**Goal of the exercise:**
Copy out exactly the lines spanning the line with "4段突っ張りコーナーラック 190~240cm高さ調節可 耐荷重2KG 設置簡単" to the line with "27일 잠실야구장에서 ‘2017", inclusive, from the data underneath, with no pictures.

Start of Raw data

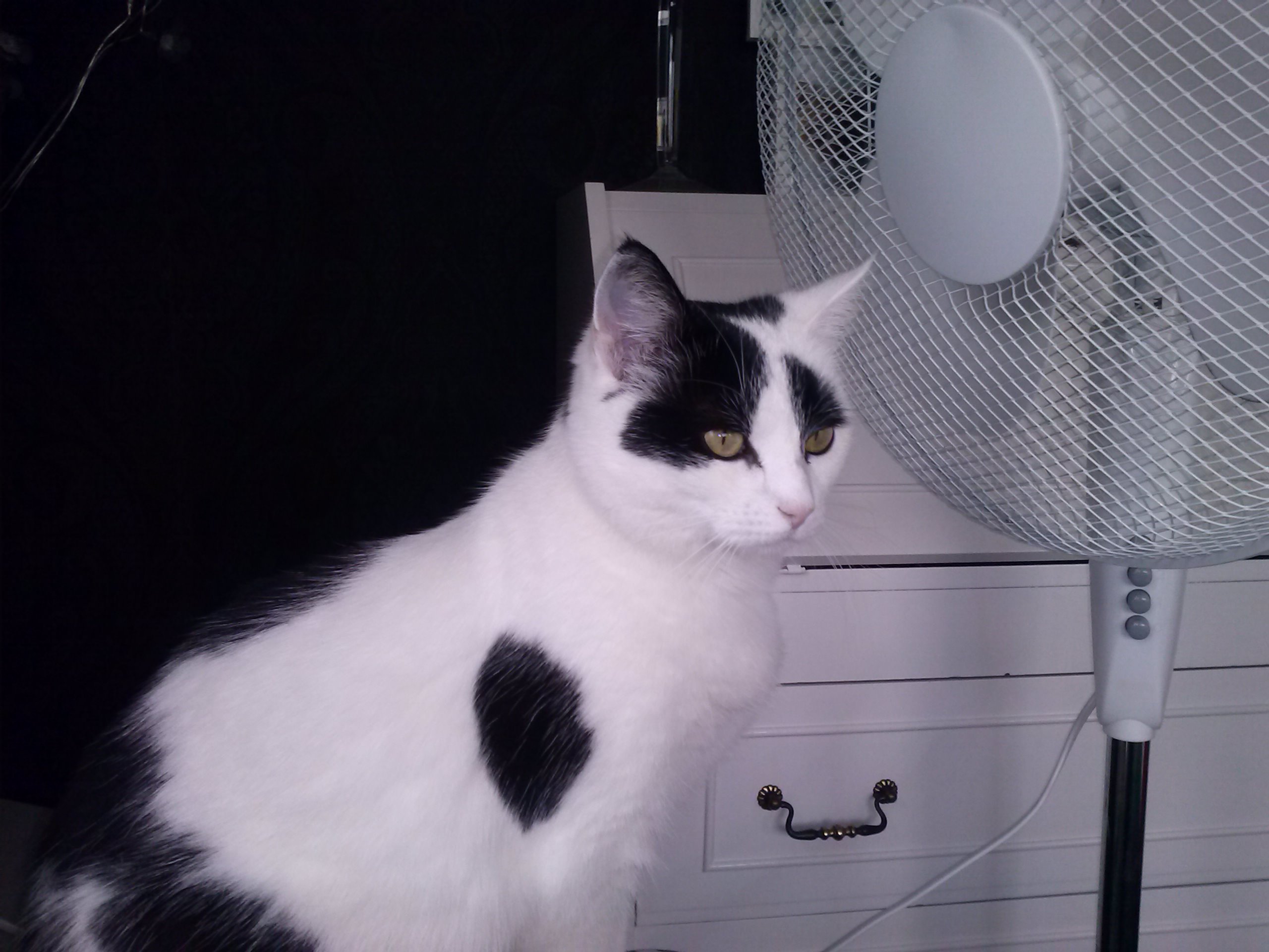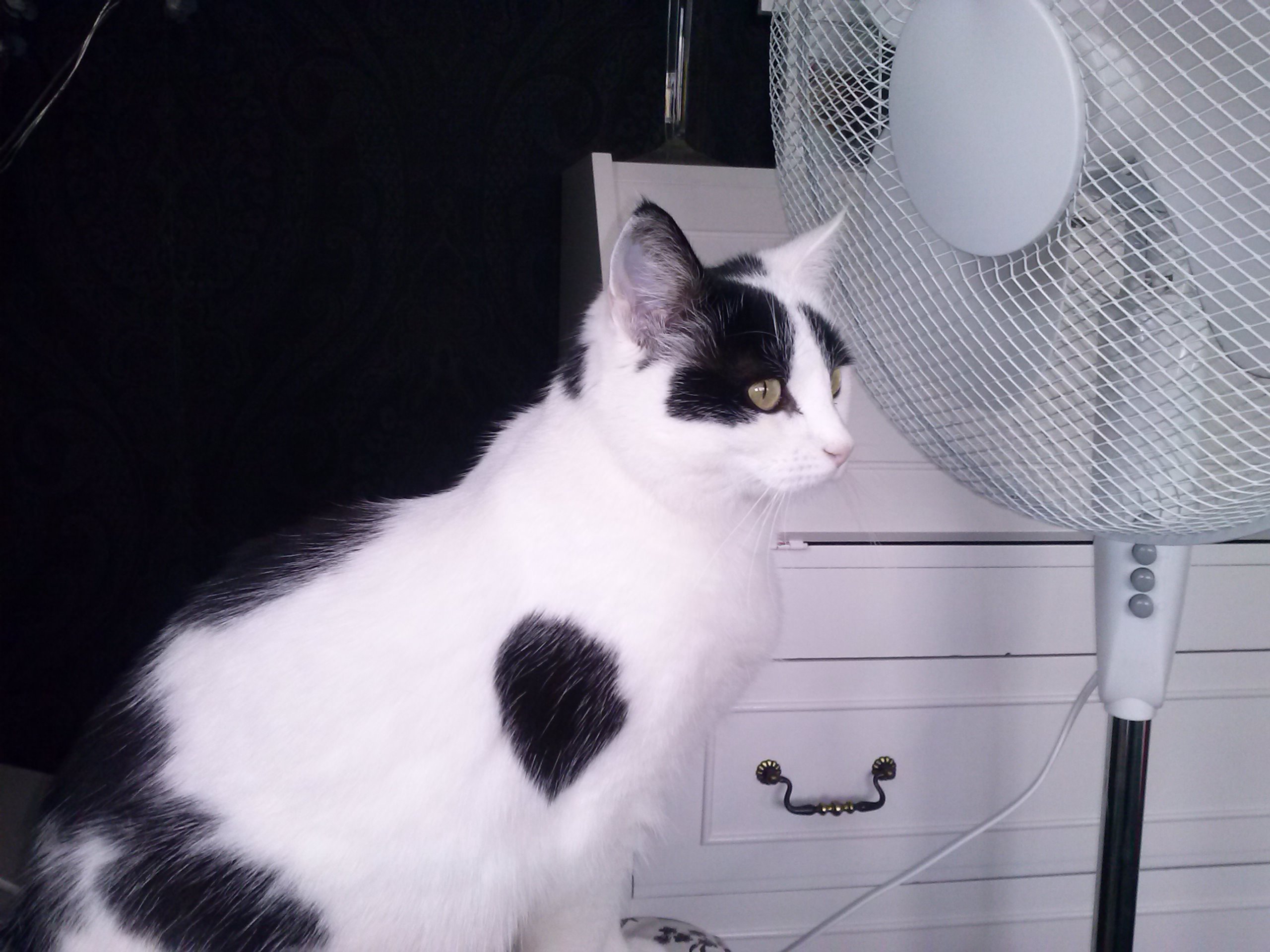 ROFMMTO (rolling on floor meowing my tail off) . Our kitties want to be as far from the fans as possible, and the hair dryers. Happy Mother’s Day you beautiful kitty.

End of Raw data
Start of Raw data

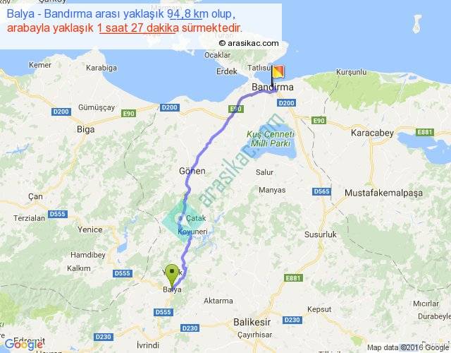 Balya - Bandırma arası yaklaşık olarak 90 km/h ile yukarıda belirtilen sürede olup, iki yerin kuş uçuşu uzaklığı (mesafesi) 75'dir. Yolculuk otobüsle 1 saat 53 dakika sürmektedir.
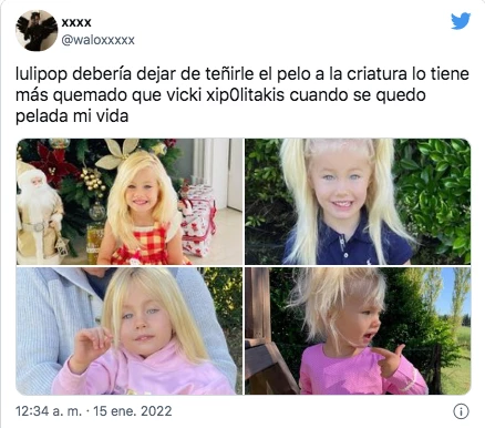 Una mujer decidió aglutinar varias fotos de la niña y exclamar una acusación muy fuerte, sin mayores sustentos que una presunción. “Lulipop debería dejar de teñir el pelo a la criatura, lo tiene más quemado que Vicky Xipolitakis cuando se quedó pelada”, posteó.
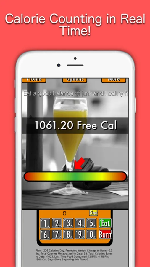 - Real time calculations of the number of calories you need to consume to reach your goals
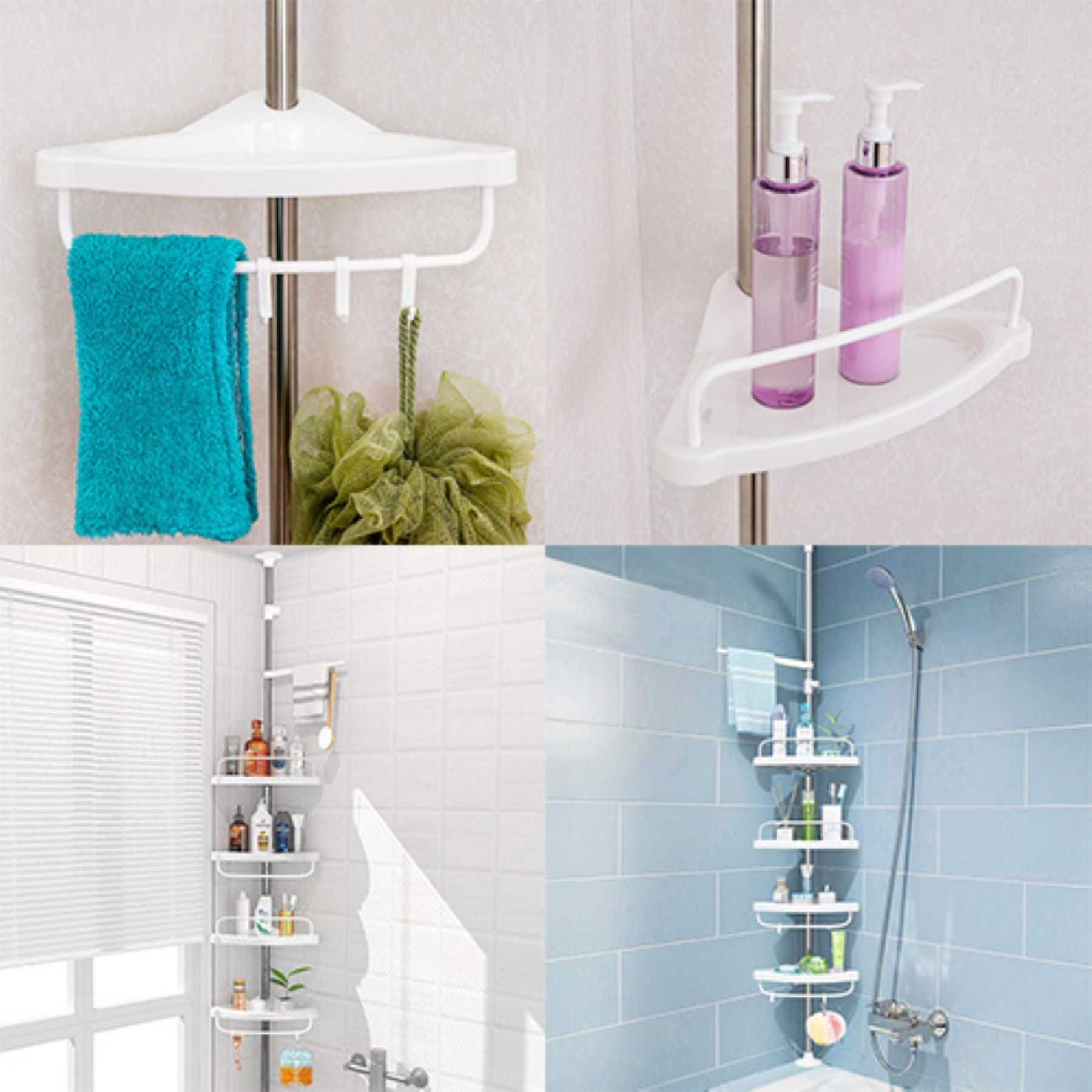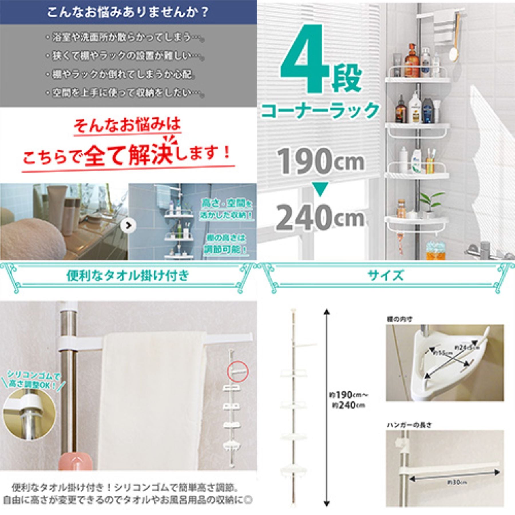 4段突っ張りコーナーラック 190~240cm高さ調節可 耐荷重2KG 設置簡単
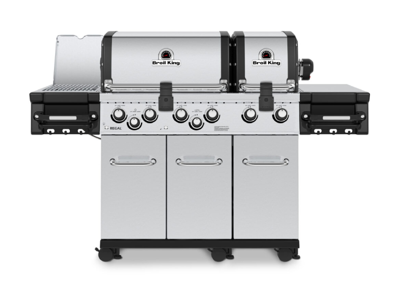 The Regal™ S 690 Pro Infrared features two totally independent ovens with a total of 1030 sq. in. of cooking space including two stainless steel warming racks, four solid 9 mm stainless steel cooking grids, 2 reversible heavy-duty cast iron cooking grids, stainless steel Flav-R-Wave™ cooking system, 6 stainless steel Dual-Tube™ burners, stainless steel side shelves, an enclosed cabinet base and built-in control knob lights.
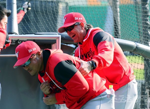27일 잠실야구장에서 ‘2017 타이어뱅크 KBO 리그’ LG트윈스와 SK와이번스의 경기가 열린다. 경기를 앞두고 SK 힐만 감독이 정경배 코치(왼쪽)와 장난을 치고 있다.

End of Raw data

**Answer area:**
 4段突っ張りコーナーラック 190~240cm高さ調節可 耐荷重2KG 設置簡単
 The Regal™ S 690 Pro Infrared features two totally independent ovens with a total of 1030 sq. in. of cooking space including two stainless steel warming racks, four solid 9 mm stainless steel cooking grids, 2 reversible heavy-duty cast iron cooking grids, stainless steel Flav-R-Wave™ cooking system, 6 stainless steel Dual-Tube™ burners, stainless steel side shelves, an enclosed cabinet base and built-in control knob lights.
27일 잠실야구장에서 ‘2017 타이어뱅크 KBO 리그’ LG트윈스와 SK와이번스의 경기가 열린다. 경기를 앞두고 SK 힐만 감독이 정경배 코치(왼쪽)와 장난을 치고 있다.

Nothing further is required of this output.